Most melanomas detected in a general-practice dermatology clinic were found by dermatologists during full-body skin examinations of patients who had come to the clinic for different complaints, according to a report in the August issue of Archives of Dermatology, one of the JAMA/Archives journals. In addition, cancers detected by dermatologists were thinner and more likely to be in situ—only on the outer layer of skin—than were cancers detected by patients.

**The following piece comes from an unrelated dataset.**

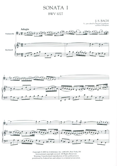 Bach - Sonatas BWV 1027, 1028, 1029 for Cello and Piano (SCHIR) publicado por Schirmer.

"Early melanoma detection is the cornerstone of effective treatment, but guidelines remain sparse regarding appropriate screening procedures for both the general population as well as high-risk patients," the authors write as background information in the article. "While it is known that screening identifies melanomas at an earlier stage than would be found otherwise and that physicians detect melanomas with less tumor thickness, the U.S. Preventive Services Task Force states that current evidence is insufficient to recommend for or against routine screening. The population seen in skin cancer screenings differs markedly from that seen in a dermatology practice with a high-risk patient population."
Jonathan Kantor, MD, MSCE, and Deborah E. Kantor, MSN, CRNP, of North Florida Dermatology Associates in Jacksonville, Florida, analyzed 126 cases of melanoma diagnosed at the practice between July 2005 and October 2008. Of these, 51 cases were invasive, meaning they had spread to deeper layers of the skin, and 75 were in situ.
Overall, 56.3% of all melanomas and 60% of melanomas in situ were detected by the dermatologists and were not among the reasons the patient had visited the clinic. "A greater proportion of melanomas in the physician-detected group (mean, 63.4%) than in the patient-detected group (mean, 54.5%) were in situ," the authors write.